The idea behind the Atkins Diet, or the low-carbohydrate diet, is that cutting way back on carbohydrates will cause the body to use stored body fat for fuel instead of the stream of sugar and starches that most Americans typically load up on. Instead of eating packaged desserts that are filled with sugar and flour, or depriving yourself of foods that bring you pleasure, find substitutes and enjoy healthier treats.
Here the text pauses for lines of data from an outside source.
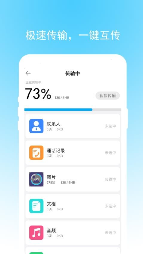 3、支持各種手機(jī)品牌的互相傳輸,方便用戶輕松傳輸相關(guān)的文件數(shù)據(jù),快捷傳輸。
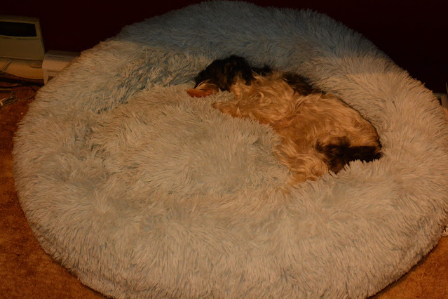 It's been right chilly today and it looked like it was going to snow again. I spent most of the day tucked up in my new bed. One good thing is that once I roll up in the fluff it is right warm and comfortable!
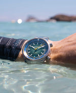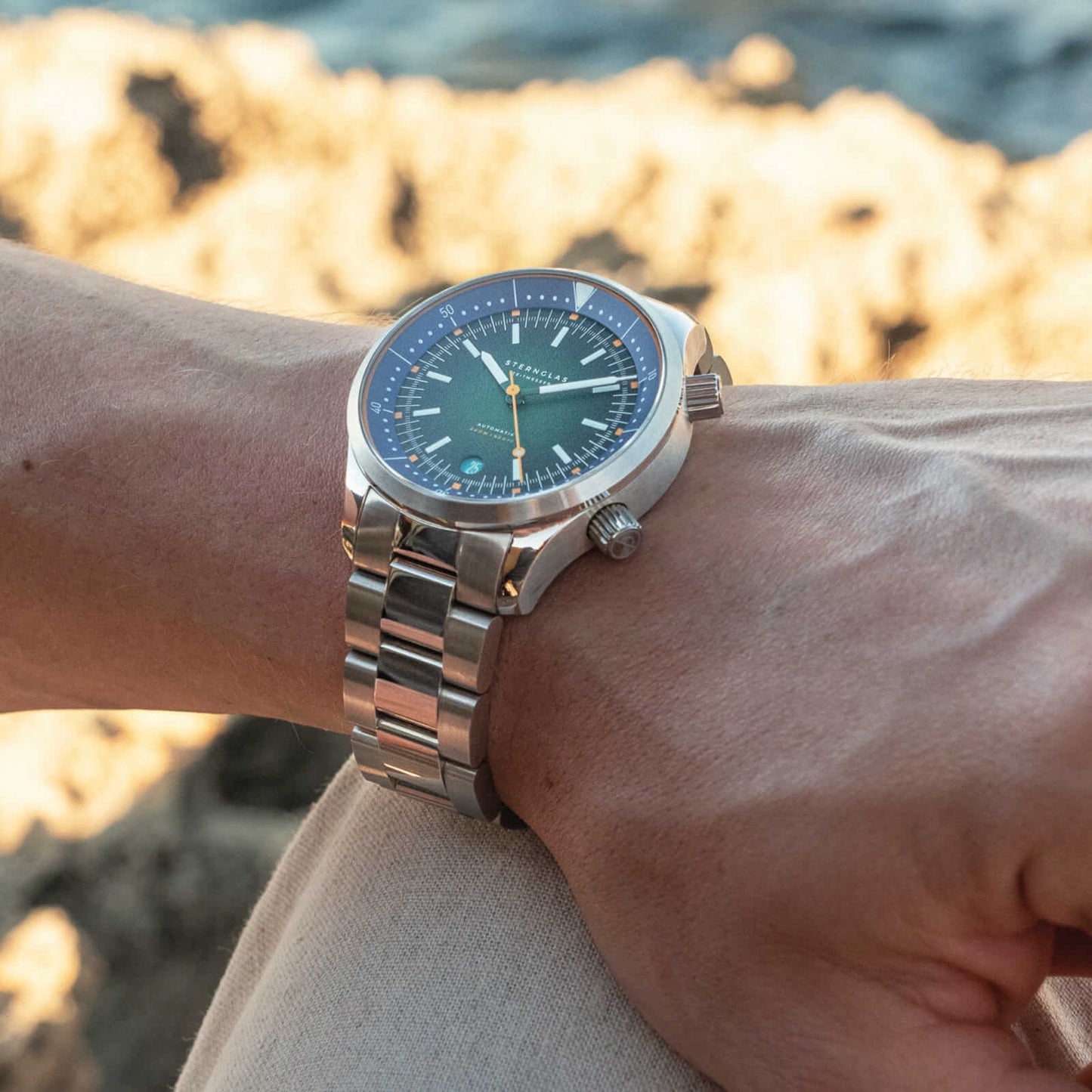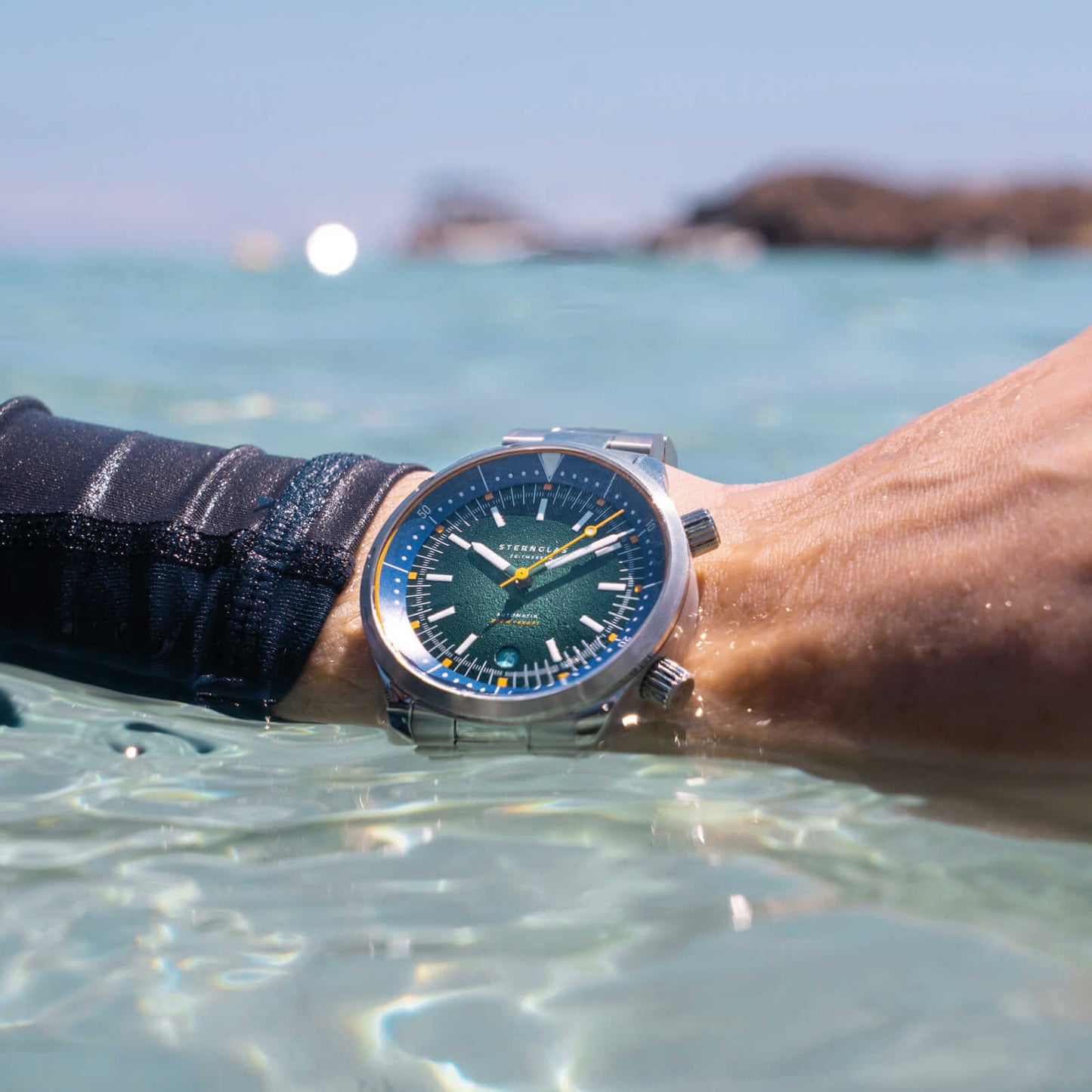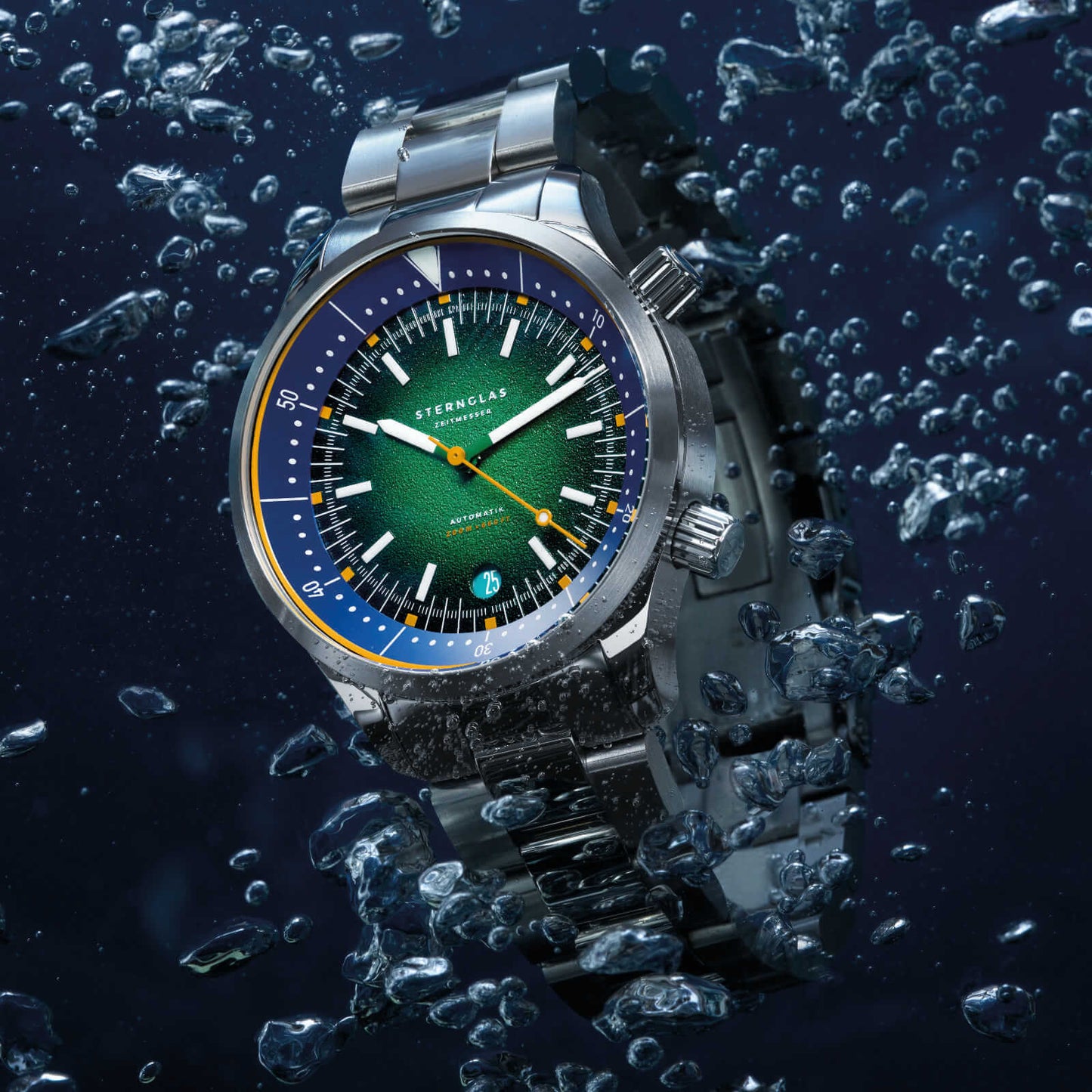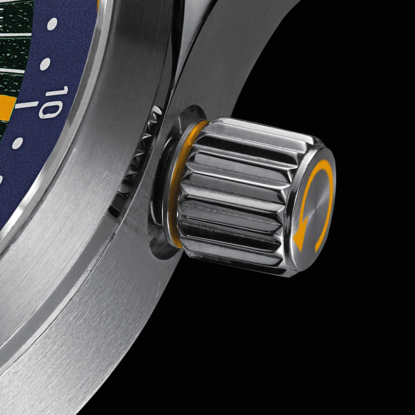 | Besonderheiten | Drehbare, innenliegende Lünette, verschraubte Kronen |

Low-Carb Strawberry Delight
Follow the directions on a package of strawberry gelatin. Add 1/2 cup of sliced fresh strawberries and stir. Pour into dessert cups and refrigerate until it sets. With a second package of strawberry gelatin, combine it with the hot water in the first step, but leave out the second step. Cool in the refrigerator but not until it is set. Gently fold 1/2 cup of whipped cream into the unset gelatin. Scoop this onto the tops of the set strawberry gelatin. Serve cold. The low-carb strawberry delight has about 16 to 18 g of carbohydrates.
Low-Carb Custard
Whip 6 eggs then add 1/2 cup of Splenda, 1 cup of cream, 1 cup of water and 1 tsp. vanilla or almond extract. Mix with hand mixer on medium for approximately 3 minutes. Pour this into ramekins or oven-proof custard cups. Sprinkle with nutmeg. Place the ramekins or custard cups into a pan with approximately 1 inch of water. Bake in a 350 degree oven for 30 minutes. Remove from the oven and let it cool for about 10 minutes before serving. It may be refrigerated. This low-carb custard has approximately 4 g of carbohydrates.
Low-Carb Fudge
Combine 1 package of sugar-free chocolate pudding with 2 tbsp. of brown sugar substitute, 1/2 cup of cream and 1 tbsp. of crème de cacao. Pour into saucepan and turn the burner on low heat. Stir in approximately 5 tbsp. of peanut butter (creamy or chunky). After the peanut butter is melted and well blended, pour into an 8-by-8 inch baking pan that has been sprayed with cooking spray. Refrigerate for approximately 1 hour, until firm. Cut this into 16 squares. Each square has approximately 25 g of carbohydrates.
Pumpkin Pudding
Mix 2 cups of ricotta cheese, 1 tsp. vanilla, 4 tbsp. of Splenda, 1 tbsp. pumpkin pie spice, 1/4 tsp. nutmeg and 1/4 tsp. cinnamon. Spoon into dessert cups. You may top it with whipped cream. Each 1/2 cup serving of pumpkin pudding has approximately 4 g of carbohydrates without the whipped cream.